• **Task details**
What you write should be an exact repeat of the lines from the one with "外國(guó)留學(xué)生與村婦們一起吃麻糍。" through the final line below, minus the pictures.

• **Collected data**
- - -
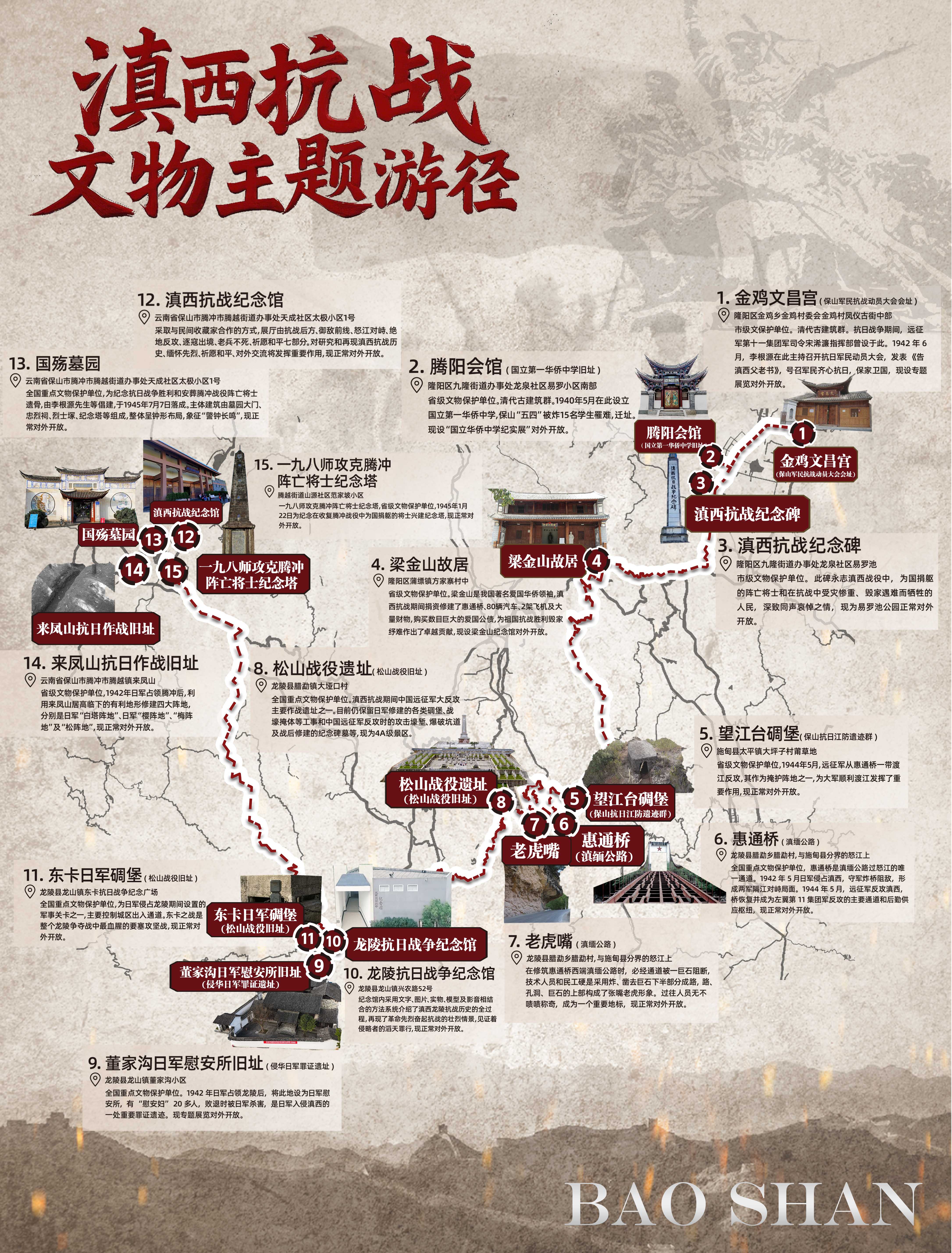 2025年4月17日,国家文物局办公室、文化和旅游部办公厅、国家发展改革委办公厅联合发布《关于推介2024年度优秀文物主题游径的通知》,全国共有31条游径确定为优秀文物主题游径。由云南省文物局选送的“滇西抗战文物主题游径”成功入选,成为展示我省厚重历史文化、推动文旅深度融合的新名片。
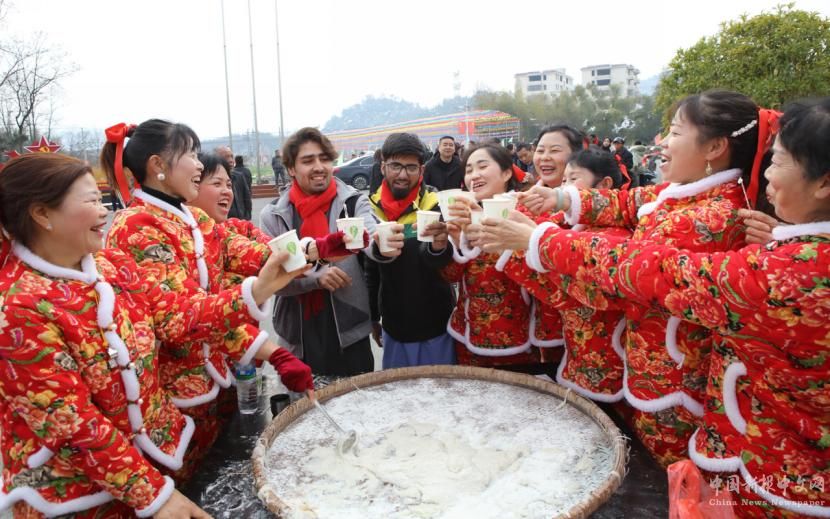 外國(guó)留學(xué)生與村婦們一起吃麻糍。
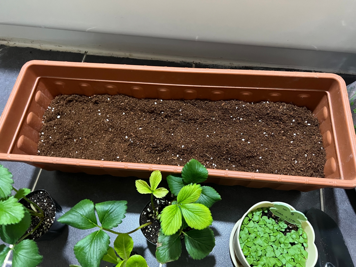 그리고 나서 바질부터 자리를 잡고 딸기를 오른쪽으로 붙여서 자리 잡고 마지막으로 가운데 상추를 심었다.
- - -
• **Expected answer**
 外國(guó)留學(xué)生與村婦們一起吃麻糍。
 그리고 나서 바질부터 자리를 잡고 딸기를 오른쪽으로 붙여서 자리 잡고 마지막으로 가운데 상추를 심었다.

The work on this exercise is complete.